BRIEF DESCRIPTION OF THE DRAWINGS
[0029] The description makes reference to the accompanying drawings
wherein like reference numerals refer to like parts throughout the
several views and wherein:
[0030] FIG. 1 is a diagram the amplitude versus the frequency and
the current for the same frequency for a Colpitts oscillator
showing the defined optimal frequency range of the Colpitts
oscillator when measured around a human body.
[0031] FIG. 2 is a high level diagram showing how a battery power
Colpitts oscillator can be connected to a garment to do signal
acquisition. FIG. 2 also shows the digital signal processing (DSP)
that could be performed to provide useful data statistics and
filtered signals.
[0032] FIG. 3 as an example of the state machine for algorithm
based on two RIP sensors data to extract the breathing rate, the
minute ventilation and the tidal volume.
[0033] FIG. 4 is an example of how the wearable garment artifacts
can be filtered out.
[0034] FIG. 5 show a Smith chart result of the RIP sensor
stimulated between 1 MHz and 10 MHz showing the good linearity
response of the Colpitts oscillator.
[0035] FIG. 6 shows garments that use the present system to connect
textiles sensors for heart and breathing monitoring to an
electronic device with an accelerometer and a Bluetooth wireless
connection. The electronic device also contains analog and digital
filters and amplifiers, a microprocessor device, solid-state memory
storage, sensor circuits, power management circuits, buttons, and
other circuits.
[0036] FIG. 7 shows an example of a garment that includes RIP
sensors, electrical, thermal, and optical sensors for cardiac
monitoring, breathing monitoring, blood pressure monitoring, skin
temperature and core temperature monitoring to an electronic device
with position and movement sensors and a wireless data
connection.
DETAILED DESCRIPTION OF PREFERRED EMBODIMENTS
[0037] The foregoing and other features of the present invention
will become more apparent upon reading of the following
non-restrictive description of examples of implementation thereof,
given by way of illustration only with reference to the
accompanying drawings.
[0038] Low power sensing is a domain with many technological
challenges for designers and manufacturers of e-textile solutions,
intelligent garments, wearable sensors, and multi-parameter
wearable connected personal monitoring systems.
[0039] As aforesaid, the present invention first concerns a
wearable system for extracting physiological parameters of a person
by measuring at least one plethysmographic signal. The system first
comprises a wearable garment fitting a body part of the person.

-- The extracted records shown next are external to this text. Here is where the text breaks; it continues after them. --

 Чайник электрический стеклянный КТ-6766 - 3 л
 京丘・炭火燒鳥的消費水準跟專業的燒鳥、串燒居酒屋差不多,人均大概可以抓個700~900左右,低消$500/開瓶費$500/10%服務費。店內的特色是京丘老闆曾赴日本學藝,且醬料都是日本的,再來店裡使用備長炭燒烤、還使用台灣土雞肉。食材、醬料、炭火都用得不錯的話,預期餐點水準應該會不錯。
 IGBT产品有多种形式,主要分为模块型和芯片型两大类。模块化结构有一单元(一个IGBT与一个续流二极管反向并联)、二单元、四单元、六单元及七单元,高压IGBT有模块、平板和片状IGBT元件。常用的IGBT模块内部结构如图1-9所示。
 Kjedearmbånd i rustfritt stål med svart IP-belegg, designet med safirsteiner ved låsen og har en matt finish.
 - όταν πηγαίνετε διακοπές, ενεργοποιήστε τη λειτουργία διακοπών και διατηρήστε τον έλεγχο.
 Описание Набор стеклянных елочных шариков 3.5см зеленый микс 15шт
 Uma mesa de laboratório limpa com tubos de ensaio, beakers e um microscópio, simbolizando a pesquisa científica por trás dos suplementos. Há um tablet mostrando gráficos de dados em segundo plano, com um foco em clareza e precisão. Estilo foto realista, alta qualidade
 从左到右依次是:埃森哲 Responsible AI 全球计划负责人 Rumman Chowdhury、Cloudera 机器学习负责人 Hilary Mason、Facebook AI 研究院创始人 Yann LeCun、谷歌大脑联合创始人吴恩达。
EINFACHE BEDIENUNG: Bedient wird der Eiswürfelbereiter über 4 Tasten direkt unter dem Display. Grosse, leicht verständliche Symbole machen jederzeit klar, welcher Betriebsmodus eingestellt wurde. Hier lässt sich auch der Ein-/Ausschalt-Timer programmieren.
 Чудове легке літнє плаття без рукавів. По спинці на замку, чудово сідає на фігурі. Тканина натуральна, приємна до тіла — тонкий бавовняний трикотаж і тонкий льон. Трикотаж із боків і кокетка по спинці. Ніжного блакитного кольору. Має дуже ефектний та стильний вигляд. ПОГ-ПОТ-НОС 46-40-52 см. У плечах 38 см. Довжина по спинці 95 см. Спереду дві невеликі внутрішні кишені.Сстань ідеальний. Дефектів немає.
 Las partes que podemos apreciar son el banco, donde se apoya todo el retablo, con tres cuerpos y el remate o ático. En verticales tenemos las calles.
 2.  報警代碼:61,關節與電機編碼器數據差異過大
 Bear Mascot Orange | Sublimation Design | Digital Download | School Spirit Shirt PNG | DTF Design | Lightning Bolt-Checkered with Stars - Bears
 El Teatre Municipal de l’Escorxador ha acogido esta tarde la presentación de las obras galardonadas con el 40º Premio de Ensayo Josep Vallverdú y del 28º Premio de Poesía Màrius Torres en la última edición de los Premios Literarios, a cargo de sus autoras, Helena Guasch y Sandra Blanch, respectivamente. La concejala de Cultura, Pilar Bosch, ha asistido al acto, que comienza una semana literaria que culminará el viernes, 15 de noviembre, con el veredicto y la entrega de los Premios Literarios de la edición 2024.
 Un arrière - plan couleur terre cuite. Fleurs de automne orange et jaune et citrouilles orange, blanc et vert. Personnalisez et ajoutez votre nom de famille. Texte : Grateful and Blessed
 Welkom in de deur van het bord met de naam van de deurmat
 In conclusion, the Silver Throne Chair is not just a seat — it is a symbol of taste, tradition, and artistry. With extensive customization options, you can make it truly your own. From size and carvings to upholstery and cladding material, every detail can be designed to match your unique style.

[0040] By "garment", it is understood any sort of garment or
clothing that can be worn by a person. The garment when worn should
fit sufficiently the body of the person to be in close contact with
the body to follow the movement of the body. Adjusted T-shirt is
particularly adapted but any other sort of clothing can be used as
long as it fits the body. A belt strapped or a tube around the
torso can also be used instead of a T-shirt. The garment can be
made of any kinds of fabrics. Preferably, the wearable system
according to the invention is washable.
[0041] The system also comprises at least one wire supported by or
embedded into the garment. Each wire forms a loop around the body
part, when the person wears the garment for measuring a
plethysmographic signal.
[0042] By "supported", it is to be understood that the RIP wire is
the RIP wire loop could be woven, knitted, laminated, glued,
stitched or even soldered to the garment. By "embedded", it is to
be understood that the wire loop is enclosed in a protective
element supported by the garment. It can be a overstitching into
the fabric or a guiding portion as detailed below.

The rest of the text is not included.